* AIM OF THE EXERCISE
Instruction for the entries below: return the part that opens with the line containing "Wir haben den" and closes with the line containing "guise de remerciement.", exactly, and no pictures.

------------------------------------------------

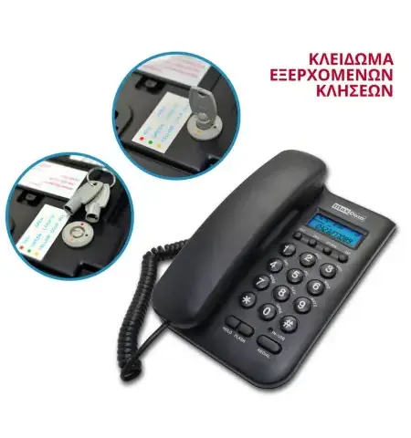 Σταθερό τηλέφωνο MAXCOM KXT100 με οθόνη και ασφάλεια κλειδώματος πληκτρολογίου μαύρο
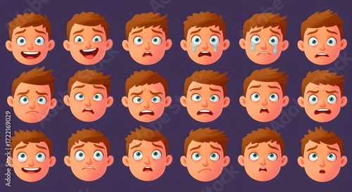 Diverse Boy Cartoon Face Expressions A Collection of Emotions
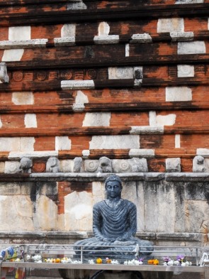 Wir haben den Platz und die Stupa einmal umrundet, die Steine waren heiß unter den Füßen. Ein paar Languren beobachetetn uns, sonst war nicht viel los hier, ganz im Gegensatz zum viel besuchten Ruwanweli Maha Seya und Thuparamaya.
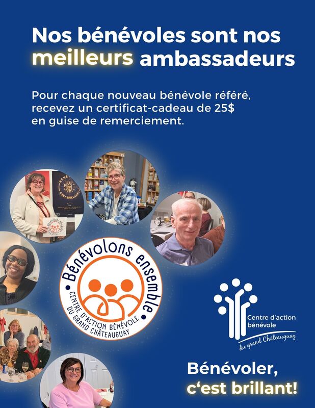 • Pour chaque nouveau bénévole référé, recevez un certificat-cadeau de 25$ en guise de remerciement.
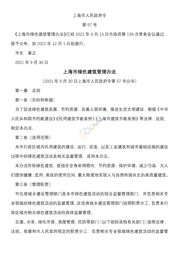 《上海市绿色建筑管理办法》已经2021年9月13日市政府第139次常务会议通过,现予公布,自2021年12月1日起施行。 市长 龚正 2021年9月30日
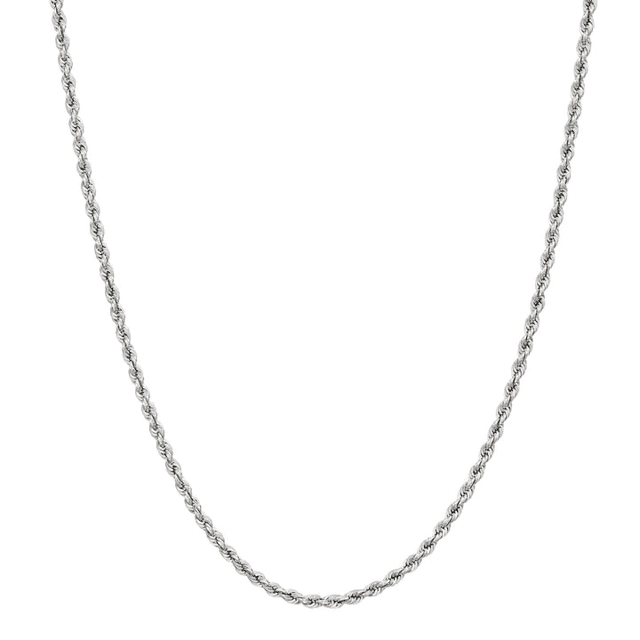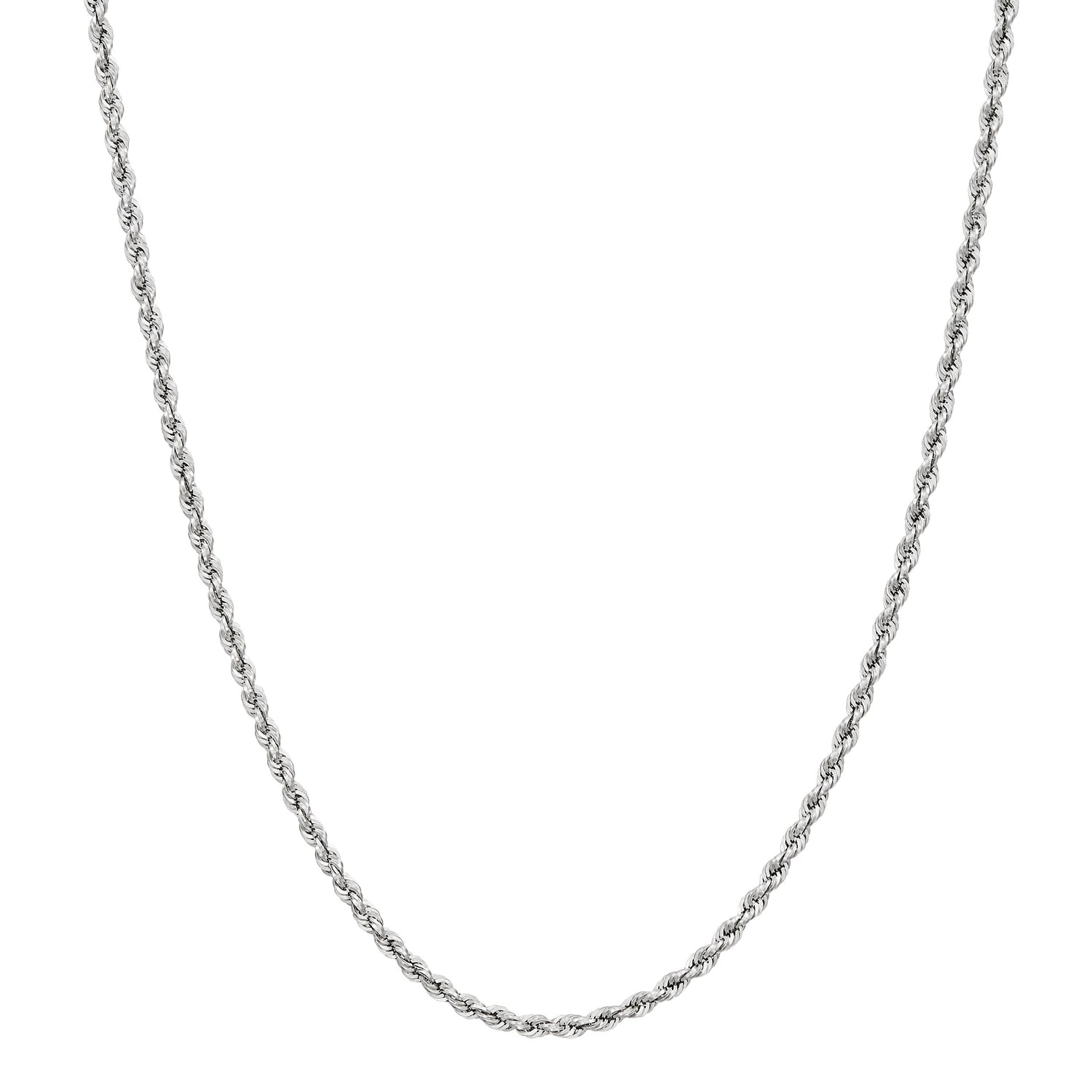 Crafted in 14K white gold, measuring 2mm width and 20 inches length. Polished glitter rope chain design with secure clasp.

------------------------------------------------

* REPLY TO THE EXERCISE
 Wir haben den Platz und die Stupa einmal umrundet, die Steine waren heiß unter den Füßen. Ein paar Languren beobachetetn uns, sonst war nicht viel los hier, ganz im Gegensatz zum viel besuchten Ruwanweli Maha Seya und Thuparamaya.
 • Pour chaque nouveau bénévole référé, recevez un certificat-cadeau de 25$ en guise de remerciement.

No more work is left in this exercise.